The current study demonstrated that even after adjusting for other covariates, cluster assignment was significantly predictive of future outcomes. Specifically, cluster assignment was associated with the likelihood of experiencing an ER or hospital inpatient visit and the total number of inpatient days for those with an admission. These results suggest that the specific combination of variables used in the cluster formations shed additional light onto the risk of untoward outcomes above and beyond traditional risk stratification, for example, based upon parameters including diabetes type, age, and HbA1c.
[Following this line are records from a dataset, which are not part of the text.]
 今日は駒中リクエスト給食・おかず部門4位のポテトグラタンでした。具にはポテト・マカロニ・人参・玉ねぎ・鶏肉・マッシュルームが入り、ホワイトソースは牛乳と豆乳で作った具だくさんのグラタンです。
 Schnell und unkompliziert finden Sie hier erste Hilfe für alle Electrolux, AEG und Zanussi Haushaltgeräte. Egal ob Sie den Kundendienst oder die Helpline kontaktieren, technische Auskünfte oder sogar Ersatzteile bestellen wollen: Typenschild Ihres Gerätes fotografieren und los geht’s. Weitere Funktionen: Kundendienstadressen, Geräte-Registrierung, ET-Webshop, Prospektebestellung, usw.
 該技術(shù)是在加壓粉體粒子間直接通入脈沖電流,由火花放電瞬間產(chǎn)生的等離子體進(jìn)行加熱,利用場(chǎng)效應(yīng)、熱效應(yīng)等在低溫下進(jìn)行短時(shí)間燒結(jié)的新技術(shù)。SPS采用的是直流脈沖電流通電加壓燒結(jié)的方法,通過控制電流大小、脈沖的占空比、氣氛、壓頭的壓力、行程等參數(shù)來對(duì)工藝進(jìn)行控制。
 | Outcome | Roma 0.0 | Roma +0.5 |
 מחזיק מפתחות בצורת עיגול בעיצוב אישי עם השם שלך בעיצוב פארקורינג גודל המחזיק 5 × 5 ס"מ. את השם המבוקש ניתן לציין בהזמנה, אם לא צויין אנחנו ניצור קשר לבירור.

Furthermore, as these clusters were derived from variables routinely found in healthcare claims data where detailed clinical data are often missing, this approach could aid healthcare payers with population management efforts. We found some clusters utilizing less healthcare resources had higher observed mean HbA1c levels. This finding could suggest population management efforts in diabetes that are targeted at some of the lower healthcare utilizers in efforts to improve glycemic control, which could yield better long-term health outcomes for patients and improved quality metric ratings for providers and payers.
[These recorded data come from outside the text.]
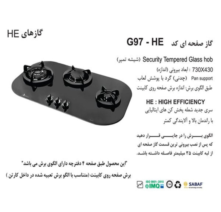 مشخصات گاز رومیزی اخوان کد G97-HE
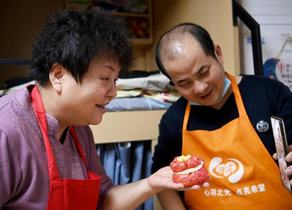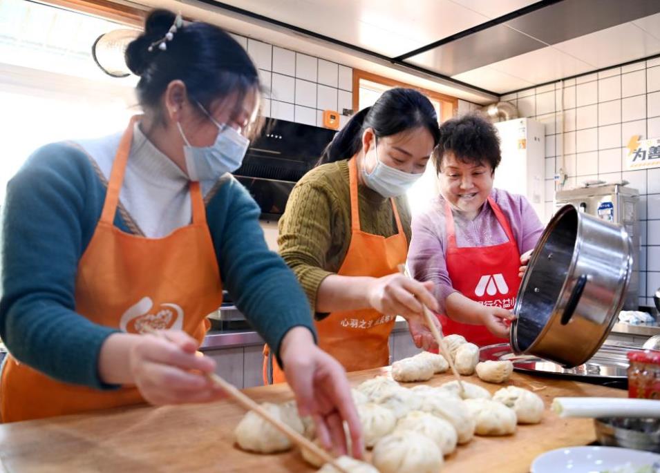 1月28日,常向阳(右一)在“心羽家园”和患儿家长一起做年夜饭。
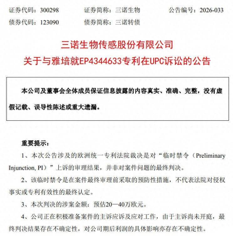 4月1日开yun体育网,三诺生物(300298)发布公告,公司收到欧洲合资专利法院(UPC)对于EP4344633专利上诉效果。
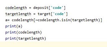 그리고 나서 이 작업을 하기 좋도록 일단 코드 리스트를 일단 만들어 주도록 하는데, 여기서 중요한 것은 ~입니다. isin이 일치하는 것을 찾는 것이라면, ~를 붙이기만 하면 일치하지 않는 것을 찾으라는 명령이 됩니다.
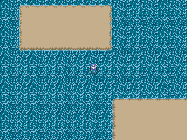 水地形は進入可能ということで、キャラの下半分を半透明にしてみた。
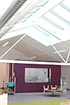 – Vi forsøkte å få frem synlig tegl innvendig, men den var i så dårlig forfatning at det ble umulig. Interiøret er gitt et industrielt preg med blant annet en del eksponert betong i himlingen ut mot Hasleveien. En del av kanalføringene av metall, bæringen og brannmalte takstoler i stål er synlige og understreker det industrielle preget. De opprinnelige fagverksdragerne var ganske tynne og smekre, men det var veldig mange av dem. Vi har laget noen færre, men de er fortsatt fagverk, påpeker Heier. De originale takvinduene er erstattet og nye takvinduer ligger på samme sted, men er litt større.
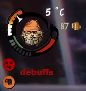 根据衣物和抗性,当环境温度达到特定值时,你的体温会开始下降。睡觉时体温也会降低。橙色区域表示正常,白色区域表示体温过低,若箭头到达底部,你将开始冻伤并失去生命值。你需要在火桶等地方取暖。 当你在雨雪天气中没有遮蔽时,湿度计量表会上升。若湿度计量表完全充满,你会进入“湿透”状态,体温下降速度变为正常的两倍。同样,你可以在火桶处烘干。
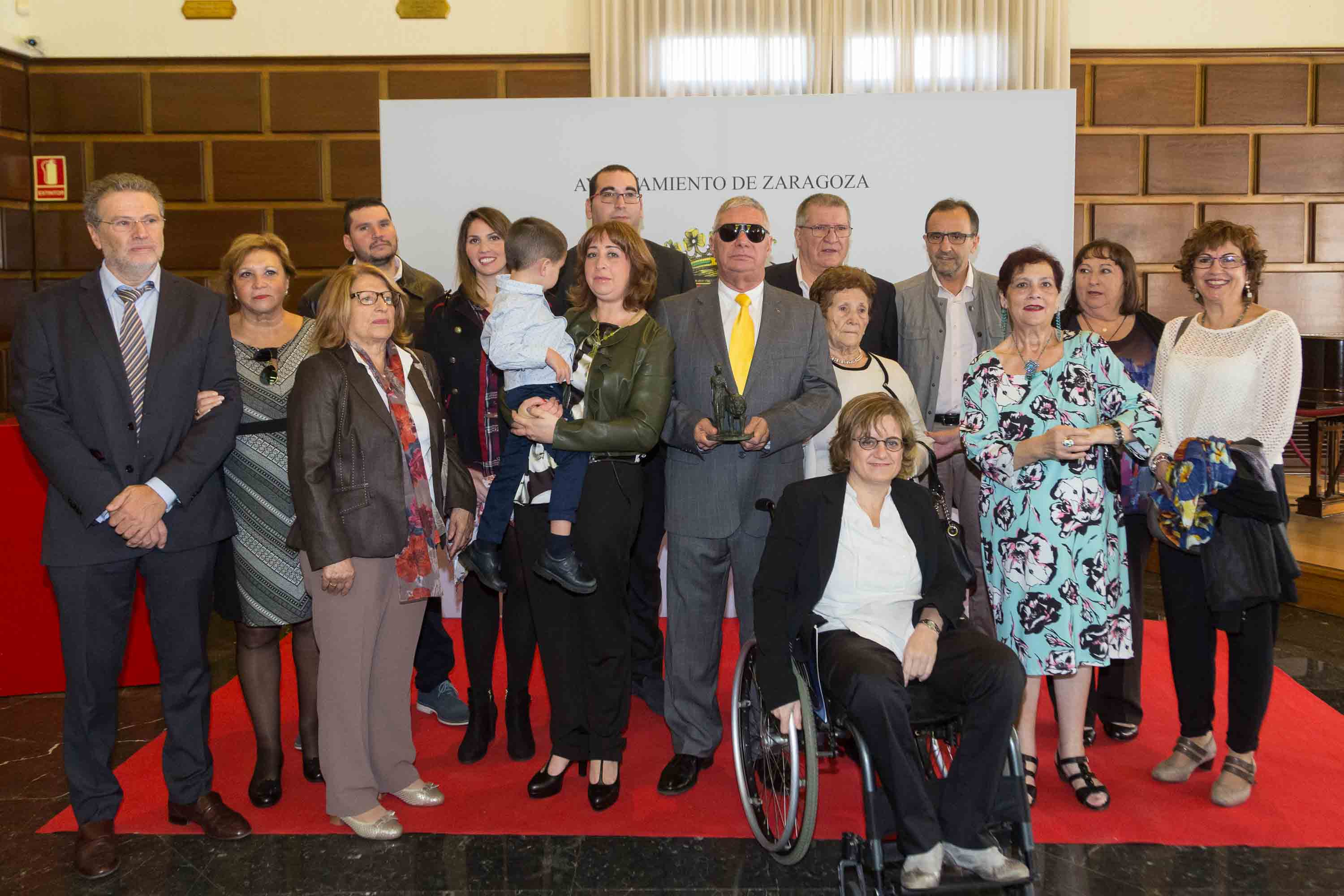 La intervención del Zaragozano Ejemplar 2016 ha concluido con unas palabras para su familia, comenzando por su madre, presente también en el homenaje, y continuando por su mujer, sus hijos -también comprometidos en el ámbito de la discapacidad- y su nieto, Marcos, "que es un pedazo de cielo".
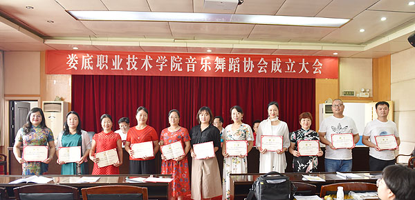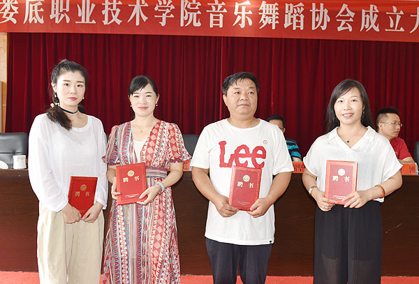 在会上,李新红作协会筹备工作报告,颜彩飞宣读娄底职院工会委员会《关于同意成立娄底职业技术学院音乐舞蹈协会的批复》,会议审读并通过了《娄底职业技术学院音乐舞蹈协会章程》,选举产生音乐舞蹈协会首届负责人名单,刘轶中当选为音乐舞蹈协会首任会长。与会领导为新当选的协会负责人及协会指导老师颁发了聘书。

This study has limitations that should be considered. The cluster analysis was based on realworld claims data that are proxies for clinical outcomes. Therefore, there may be data coding errors and errors in patient records because of the standardized coding systems used for the identification of medical conditions, procedures, and medications. Additionally, as of October 2015, all claims switched from ICD9 to ICD-10 (study period January 2015 to June 2018) [27]. This switch possibly could have led to inaccuracies in coding due to unfamiliarity with the new system or mistakes in cross walking codes from ICD-9 to ICD-10 by providers. This potential for error should have had limited impact since condition identification was based on families of codes with multiple codes within a family and not on any single code. The comparisons of HbA1c values were incomplete as only a subset of patients (~ 30%) had values in the database. A number of relevant risk factors, including insulin dosing, diet, and exercise, were not available in the database.
Despite the limitations, this study was based on a well-developed study design and included data from a large number of insulin-using people with either T1DM or T2DM. Evaluating the impact of patientreported outcomes and more socioeconomic data on cluster formations would be of interest to study in the future.